PPO train code refactor for checkpointing and curriculum compatibility

[btnorman]

I refactored the PPO/train code to increase its compatibility with check-pointing and environment variation, while keeping backwards compatibility

This splits the train function into multiple functions:

• make_train_space: a function that creates the training functions, e.g. training_epoch_with_timing, evaluator, etc... and wraps them in a returned simple namespace
• init_training_state: a function that initializes the training state
• init_env_state: a function that initializes the environment state
• and run_train: a function that performs a training run, when passed a training state, environment state, and train space

This enables the training functions to be run multiple times with jit compilation only occurring once.
This also adds:

• train: a function that works identically to the previous train function, by calling the above described functions
• checkpoint_train: a simple check pointing version of train, that should be compatible with preemption.

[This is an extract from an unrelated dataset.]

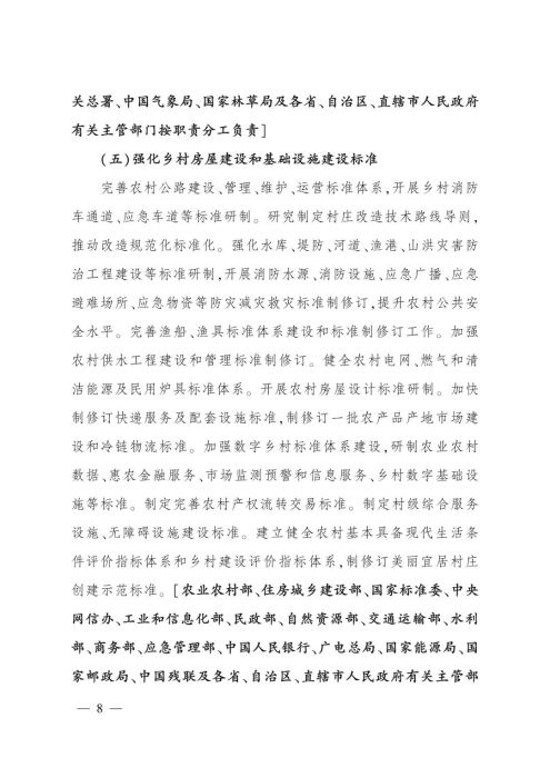 强化乡村房屋建设和基础设施建设标准。完善农村公路建设、管理、维护、运营标准体系,开展乡村消防车通道、应急车道等标准研制。研究制定村庄改造技术路线导则,推动改造规范化标准化。强化水库、堤防、河道、渔港、山洪灾害防治工程建设等标准研制,开展消防水源、消防设施、应急广播、应急避难场所、应急物资等防灾减灾救灾标准制修订,提升农村公共安全水平。完善渔船、渔具标准体系建设和标准制修订工作。加强农村供水工程建设和管理标准制修订。健全农村电网、燃气和清洁能源及民用炉具标准体系。开展农村房屋设计标准研制。加快制修订快递服务及配套设施标准,制修订一批农产品产地市场建设和冷链物流标准。加强数字乡村标准体系建设,研制农业农村数据、惠农金融服务、市场监测预警和信息服务、乡村数字基础设施等标准。制定完善农村产权流转交易标准。制定村级综合服务设施、无障碍设施建设标准。建立健全农村基本具备现代生活条件评价指标体系和乡村建设评价指标体系,制修订美丽宜居村庄创建示范标准。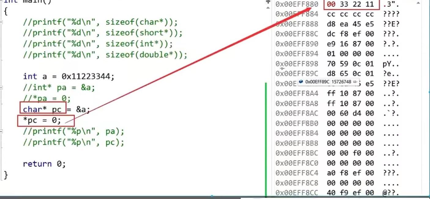 由于pc是字符型指针,解引用后能操作1个字节,从图中可以看出只有一个字节为0。

The general aim is that run_train should enable people to easily make their own check pointing and environment variation / curriculum generation on top of the Brax PPO training code, without having to modify the Brax PPO code internally.

This is my first pull request, so let me know if I have made any rookie mistakes! And thanks for the great physics engine!

Fyi, I have not been able to test on in an environment with multiple processors, e.g. a TPU slice

[m-orsini]

Hi btnorman,

I'm very glad to see you're showing interest in Brax!

The idea of the agents directory is to show example implementations of popular algorithms with Brax. We know it doesn't cover all usages, and so it's expected that people will fork those examples to get the algorithm to do what they want.

We expect different users will have different opinions regarding Check-pointing for example - as a result we prefer to leave it unimplemented.

There is also that we want the interface for all algorithms to be as close as possible, so I don't believe introducing the abstractions you propose only for PPO can go through.

For those reasons, I think it makes sense this PR stays out of the main branch.

Have fun with Brax!

[btnorman]

Hi! Thanks for looking over it.

I want to make sure I have not misrepresented the intention of the proposed contribution!

The contribution comes in two separate parts.

1. Modifying the structure of the PPO code to more easily allow Brax users to build on top of it, without Brax users having to modify the internals of the Brax PPO code.

   To illustrate the value, imagine a user who solely wants to implement check pointing, and is otherwise happy with the out of the box PPO code. At the moment, this user has two options. A) they can copy the Brax code and introduce check pointing to the internals, or B) they can use a different PPO implementation, either their own or e.g. PyTorch.

   Both of these options, A) and B) come with significant overheads. Copying the Brax code and modifying it first involves parsing the logic and structure of the code, and to someone unfamiliar with Jax that is a lot of work. It also involves consulting multiple different Brax files to understand how all the code fits together. Using a different PPO implementation is also a lot of work as there is the overhead of working out how Brax and that implementation work well together. Both of these are also error prone as if one introduces an error or typo, the RL training might subtly break.

   By making the proposed change, we introduce a third option for this user. C) they can take the abstractions provided, and build on top of them. This is significantly less work, as it needs minimal understanding of Jax and minimal consultation of other Brax files.

2. Introducing a very simple example implementation of checkpointing that demonstrates how someone could use the components introduced to make their own checkpointing code easily, building onto of the Brax code, without having to write their own PPO logic.

   This relates to the hypothetical user who wants their custom checkpointing code. They can copy the example implementation of checkpointing, which only involves file loading, and without any understanding of Jax, or the need to consult any other Brax files, modify it to suit their checkpointing needs.

   This second part is only meant to be illustrative. If the changes went ahead then a checkpointing example might be better placed in a notebook instead.

If the aim of making it easier to build on top of existing Brax training code seems valuable, but the proposed implementation lacking, perhaps there is something else we can do, and I would be happy to help!

If you decide the change does seem valuable then I would be happy to modify the other algorithms so that they are all consistent.

Fyi, to allay a potential concern, in using the checkpointing code with these abstractions there is very low overhead.